В голове князя роились мысли. То он планировал побег, то подсчитывал, сколько заплатить татарам, чтобы его не тронули, потом вдруг мысли скакали к прожитой жизни, к ее крутым, непредсказуемым поворотам. Только недавно, казалось, счастье само идет в руки. Всеславна, наконец, могла стать его. Конечно, он не мог не видеть, что будущая жена противится этому, но успокаивал себя мыслью, что со временем она смирится. Уже был назначен день… Всеволод до сих пор не мог простить себе, что не рассмотрел тогда на дороге повнимательнее тех двоих. Но как он мог догадаться, что из двух оборванцев, едва державшихся на ногах, один — его враг, проклятый, воскресший из мертвых Аскольд! Вглядеться бы тогда повнимательнее — и остались бы они лежать в лесу, и ни одна живая душа не узнала бы об этом. А он пролетел мимо на сытой лошади, зло посмеявшись над двумя забытыми Богом людьми…
Он тогда был на седьмом небе от счастья. Поспешно организованная охота должна была обеспечить свадьбу свежим мясом. Всеволод хотел преподнести будущей жене сваренную кабанью голову. Пусть видит, какой у нее храбрый муж!
Когда, нагруженные добычей, они вернулись через два дня, их встретил ликующий город. Люди пели, плясали. Князь принял это в свой адрес, а когда узнал причину веселья, понял: небо жестоко посмеялось над ним…

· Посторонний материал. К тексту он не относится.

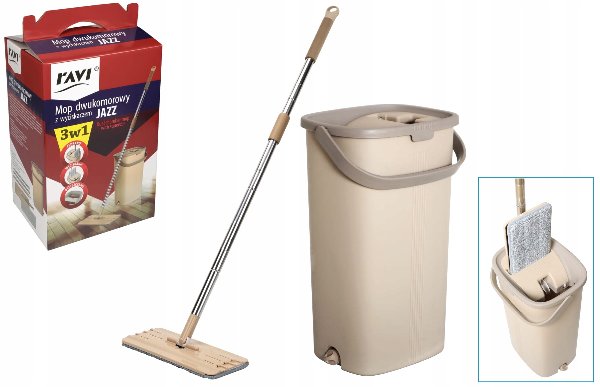 Современная компактная плоская швабра с двухкамерным ведром и прочной ручкой.
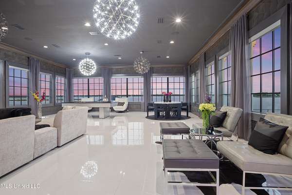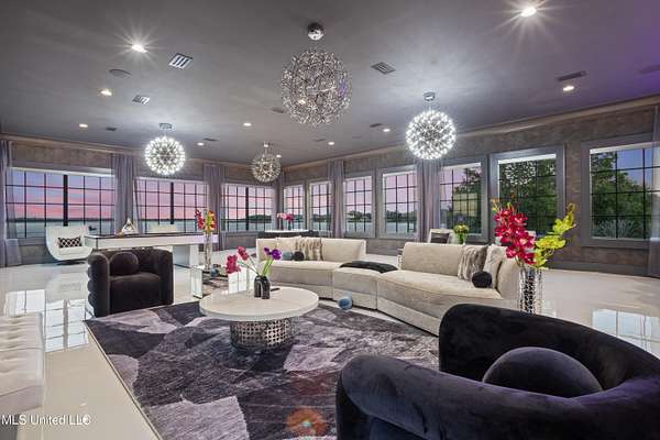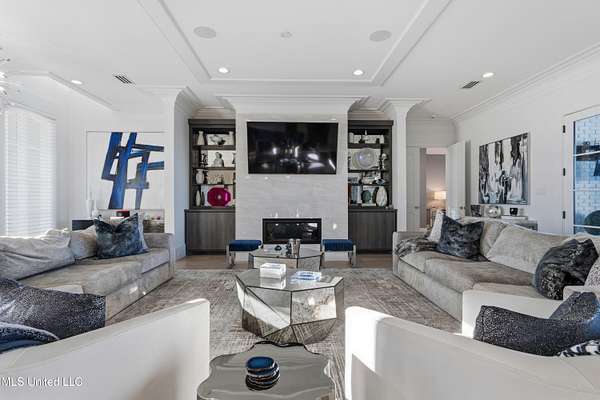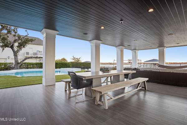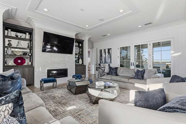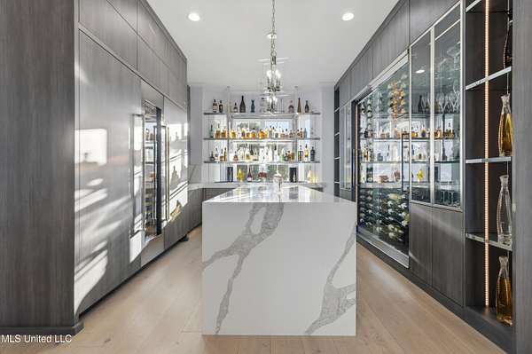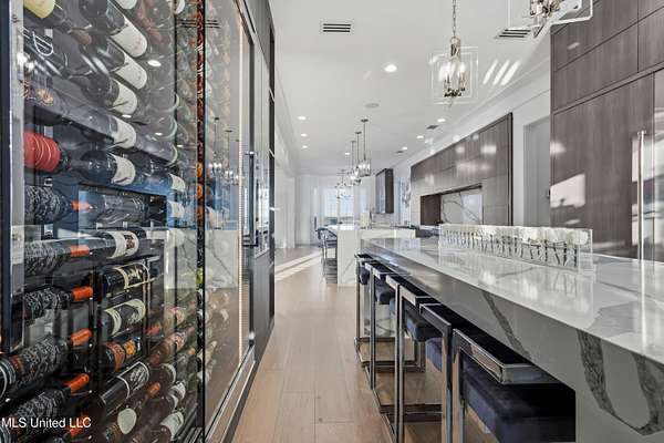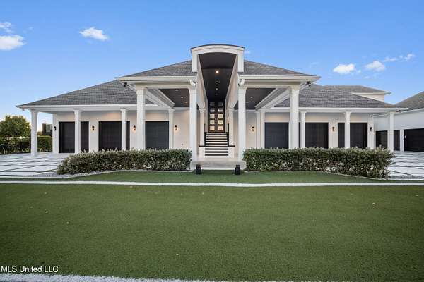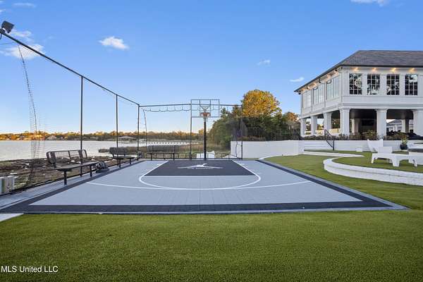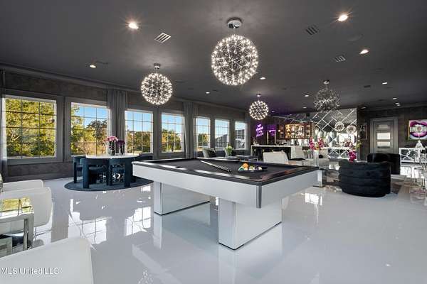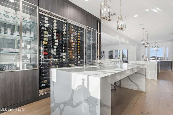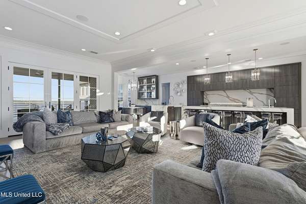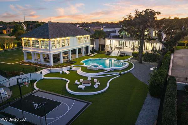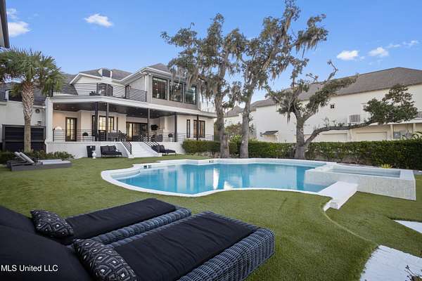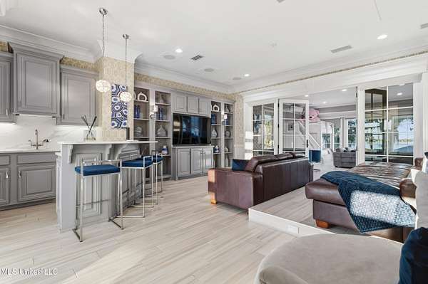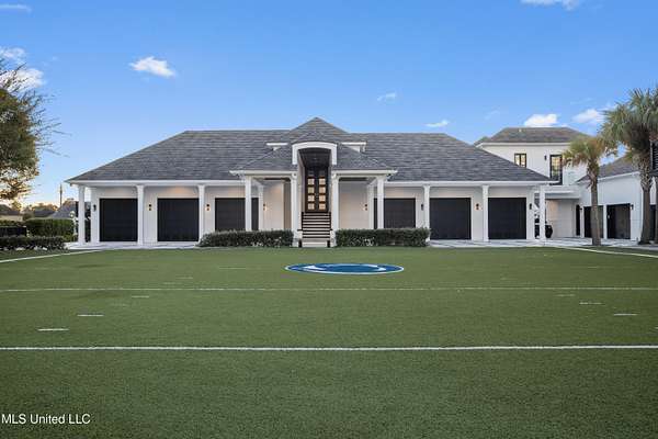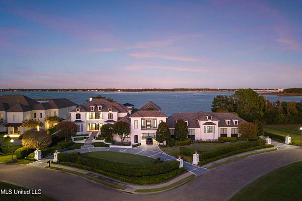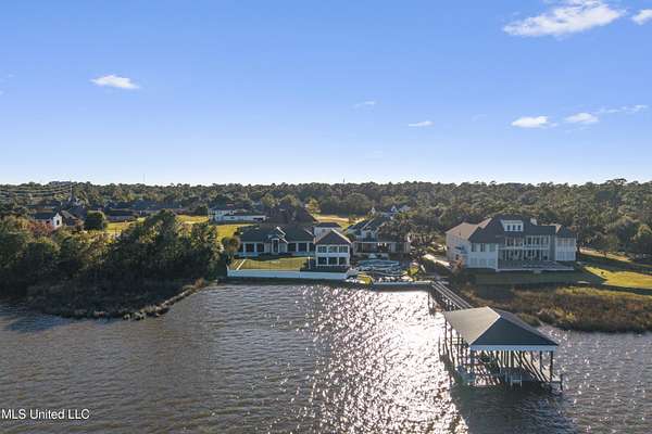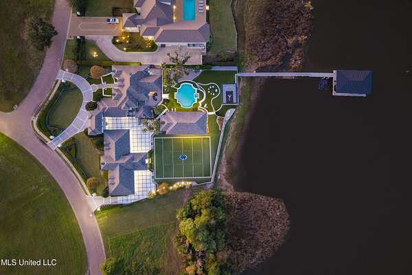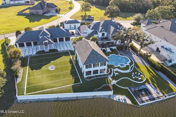 An unbelievable custom home situated on two waterfront lots in the Goose Pointe subdivision. Totaling 1.7 acres of prime waterfront property. This custom home has everything you could dream of for your family and entertaining! A grand living room with fireplace, built-in cabinets, a spacious kitchen that is equipped with top-of-the-line appliances, quartz waterfall edge countertops, a built-in dining table with waterfall edge, and a floor to ceiling wine wall. Gorgeous designer light fixtures throughout the home. The primary bedroom overlooks the water and has every custom designed feature you can think of. Upstairs, you will find four bedrooms with high ceilings, built-in bookcases, and countless custom features, and large closets. There's also a media room with built-ins and a full wet bar as well as a bonus room with built-in bunk beds. Enjoy views of the water from the second story balconies. The main house has an attached in-law suite. The in-law suite has its own private balcony, living room, kitchenette, and a full bath. There is also a separate entertainment room with a full bathroom, full kitchen and a wet bar overlooking the water. For the car lover, there is an eight car garage with a car lift and spinner. The garage area also consist of a gym, an office, and a half bath. A picturesque salt water pool, fire pit, outdoor kitchen, and bar provide the perfect space for outdoor entertaining. The outdoor space also consist of an Astroturf football field and basketball court. The dock and boathouse come suited with boat lifts and floating docks. This property underwent a remodel 3 years ago and is being sold completely furnished. This property is a showstopper!

…После неожиданного возвращения сына Сечу было не узнать. Он весь преобразился, глаза засияли молодым счастливым блеском. Изменилась и походка — из старца он превратился в деятельного мужа, везде успевающего, все знающего. Много всякого выпало на долю воеводы, были дни черные, были дни светлые. Но самым ярким был день возвращения сына, который врезался в память, как врезается плуг в целину.
Сеча хорошо помнил, как проскакала мимо него княжеская кавалькада — это в предвкушении скорой свадьбы Всеволод торопился на охоту. Лицо его светилось самодовольством, князь не удостоил воеводу даже взглядом. Когда толпа умчалась, Сеча скорее по привычке, чем по необходимости выехал за город. Осмотрел еще раз крепостные стены, бросил тоскливый взгляд на дорогу. К городу приближались две странные фигуры. Посетовав, что не взял с собой кого-нибудь из дружины, хотел сам поскакать навстречу. Но резкая боль в пояснице от неловкого движения остановила его. Пока растирал спину, пытаясь разогнуться, путники уже въехали в город.
Боль наконец отступила, и Сеча не спеша двинулся домой. От городских ворот ему навстречу бежал какой-то парень — в одной рубахе, без шапки, несмотря на мороз.
— Аскольд вернулся! — издалека закричал он.
Воевода не поверил ушам.
— Совсем спятил? — взревел он диким голосом.
— Ей-богу, жив, воевода! — парень принялся неистово креститься.
Как добрался до дому — воевода не помнил. Влетел во двор — а с крыльца навстречу уже бежал он, его сын, его Аскольд! Они обнялись прямо во дворе, и впервые за всю долгую жизнь из глаз воеводы брызнули слезы счастья. Он не стеснялся их.
— Сынок… живой… — повторял он и гладил тело сына трясущимися руками, словно только так, на ощупь, мог убедиться, что перед ним настоящий живой Аскольд, правда, осунувшийся и похудевший.
— Застудишь сына-то, воевода, — донеслось жалостливо из толпы.
И Сеча повел сына в дом за руку, как водил в далеком детстве.
Первый вопрос Аскольда был о княжне.
— Жива, сынок, жива, — сказал воевода, отводя глаза.
Аскольд чувствовал: отец что-то не договаривает, но выяснить не успел — в комнату ворвались, застревая в дверях, могучий, как дуб, Добрыня и стройный, суховатый Еловат. Друзья не стеснялись своих чувств. Они ничего не говорили, только смотрели друг на друга и снова кидались в объятья.
— Все, Аскольд, больше и шагу один не сделаешь! — воскликнул, наобнимавшись, Добрыня. — А то поставил меня воевода караулить твою бывшую невесту… — Сказал и осекся, глядя на изменившееся лицо юноши. Воевода в смятении опустил голову.
— Всеславна готовится замуж за Всеволода, — пояснил Еловат. — Но теперь этому не бывать! — Он решительно грохнул кулаком по столу, отчего свернувшаяся калачиком у печи кошка в испуге метнулась к двери.
— Не бывать! — обрадованно поддержал его Добрыня и тоже подкрепил слова кулаком.
— Но уже объявлено… — выдавил Сеча. — Все считали тебя погибшим…
— Не все, Аскольд! Не все! — послышался счастливый женский голос.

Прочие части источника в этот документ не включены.